(Records from a collection)

== == ==

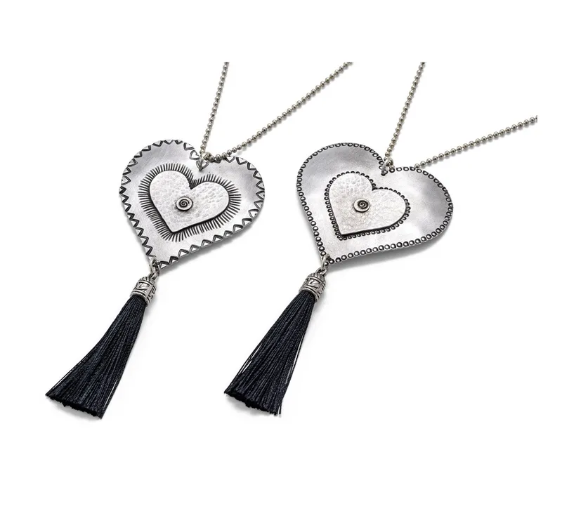 שרשרת לב כפול בעבודת יד, שילוב של אלומיניום מרוקע עם טקסטורה ייחודית ואלמנט גדיל שחור להשלמת המראה.
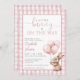 Cette charmante invitation au baby shower comporte un mignon petit lapin tenant des ballons et un arrière - plan rose en vichy. Conçu par Thisisnotme©
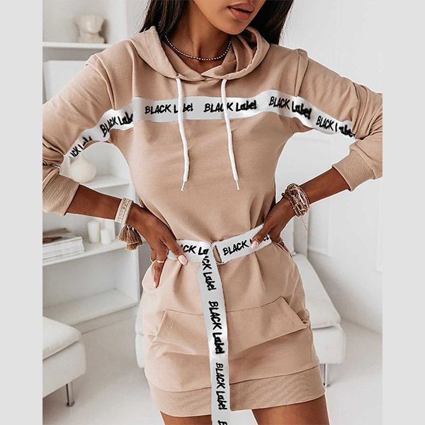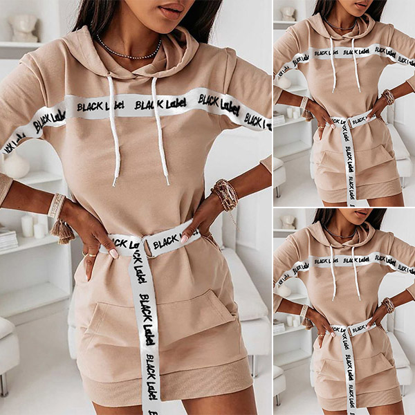 When it comes to a laid-back but fashionable autumn look,you can just have a try this sweatshirt dress. What makes this piece look so stylish and attractive? It owes to the letters printed details and ribbon spliced design. Crafted from soft and breathable fabric,with long sleeve and hooded silhouette,this sweatshirt knows how to exude your style and personality.
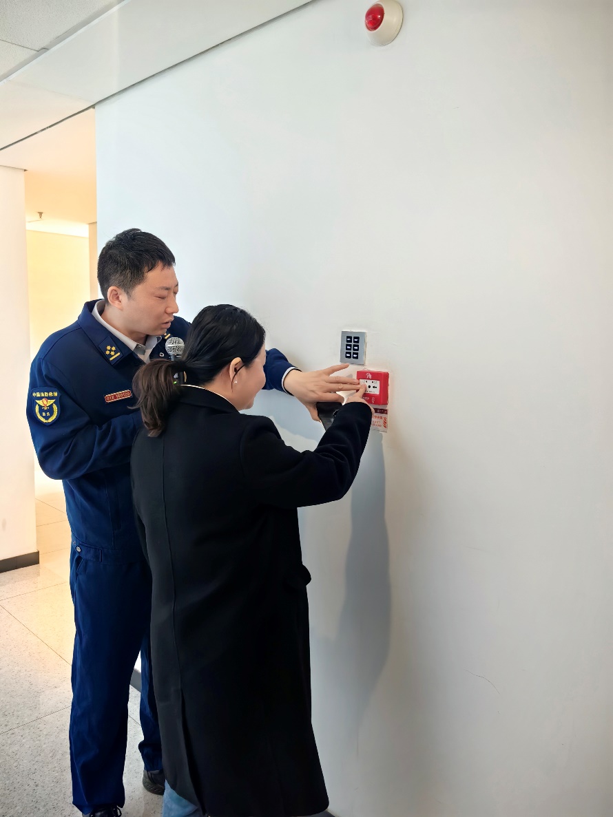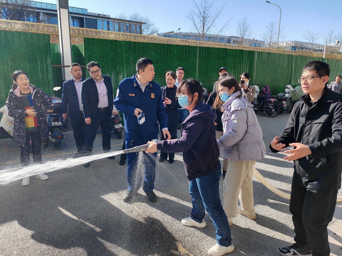 在何健的悉心指导和热情带领下,与会师生了解各种消防器材的用途和使用方法并进行了实操演练,如消防水源和消防水管、灭火器、消防栓、烟雾探测器等。
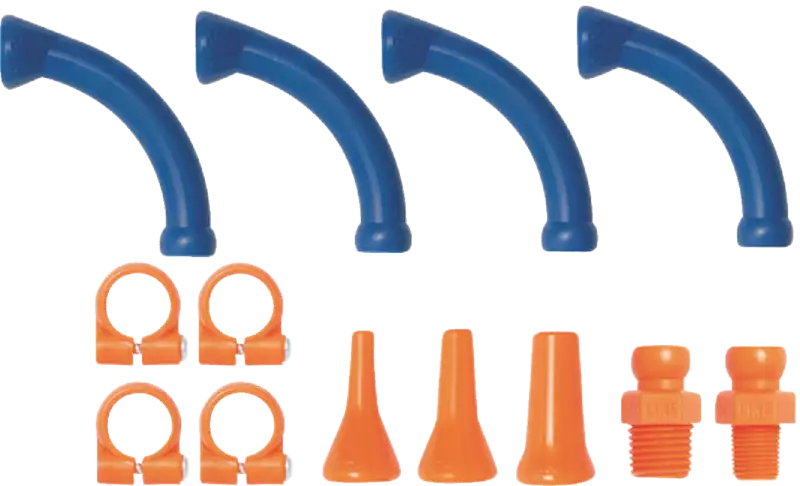Mit gebogenem 90° Schlauchstück mit 54 mm Radius, um bei engen Platzverhältnissen optimal zu kühlen; bei Verwendung der Klemmringe kann ein höherer Kühlmitteldruck erreicht werden, der Maximaldruck variiert unter Verwendung verschiedener Bauteile.
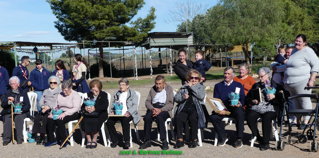 Integrantes de la Asociación Virgen de los Llanos hicieron posible que El Algar tenga el recinto de la romería. Fue en los años noventa del pasado siglo y este espacio se ha convertido en un lugar emblemático para el pueblo y su gente. En muestra de gratitud, el grupo scout 'Alba 601' ha rendido un más que merecido homenaje.
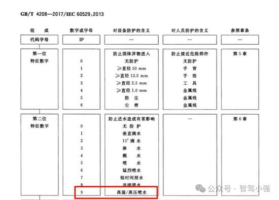 电池包一般在IP67或68上;当然也有严苛的追加69,可以防高压水枪,主要模拟洗车的实际使用场景:
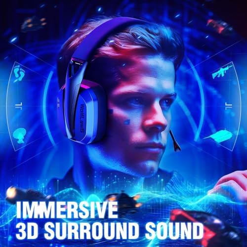 WolfLawS TA3000 Wireless Gaming Headset for PC, Gaming Headphones, Bluetooth Headset with Detachable and Built-in Mics, Noise Isolation, Low Latency, Lightweight-Black
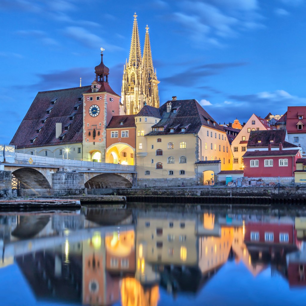 The day did not start out in Berlin. It was supposed to start out in Regensburg but low water in the Danube prevented the ship from getting that far upriver. We instead had to get up and packed and off the ship an hour earlier than planned to be transported from whatever little Danube hamlet we could dock at by bus up to Regensburg. Like Passau, I had been to Regensburg before. While Passau is a baroque town that survived World War II relatively unscathed, Regensburg is more gothic having been around since the ancient Romans. (Part of one of their gates to their fortified camp on the site still stands.). It became an important trading center in the later Middle Ages due to its proximity to the Danube and due to their having built one of the few bridges across the river (still in use 800 and some years later). Much of the town center dates from about 1350-1550 and, unlike most other German cities from that era, was pretty much untouched by World War II as it was a provincial backwater in the 19th and early 20th centuries, despite the presence of the Princely House of Thurn and Taxis (who had become and remains exceedingly rich through the invention and maintenance of a reliable postal service in the Middle Ages – their current money comes from brewing).

== == ==

## INSTRUCTIONS TO FOLLOW
Give the lines exactly, from the first line of the entries to the line with "Cette charmante invitation", both ends included. Skip the pictures.

## REPLY TO THE TASK
 שרשרת לב כפול בעבודת יד, שילוב של אלומיניום מרוקע עם טקסטורה ייחודית ואלמנט גדיל שחור להשלמת המראה.
 Cette charmante invitation au baby shower comporte un mignon petit lapin tenant des ballons et un arrière - plan rose en vichy. Conçu par Thisisnotme©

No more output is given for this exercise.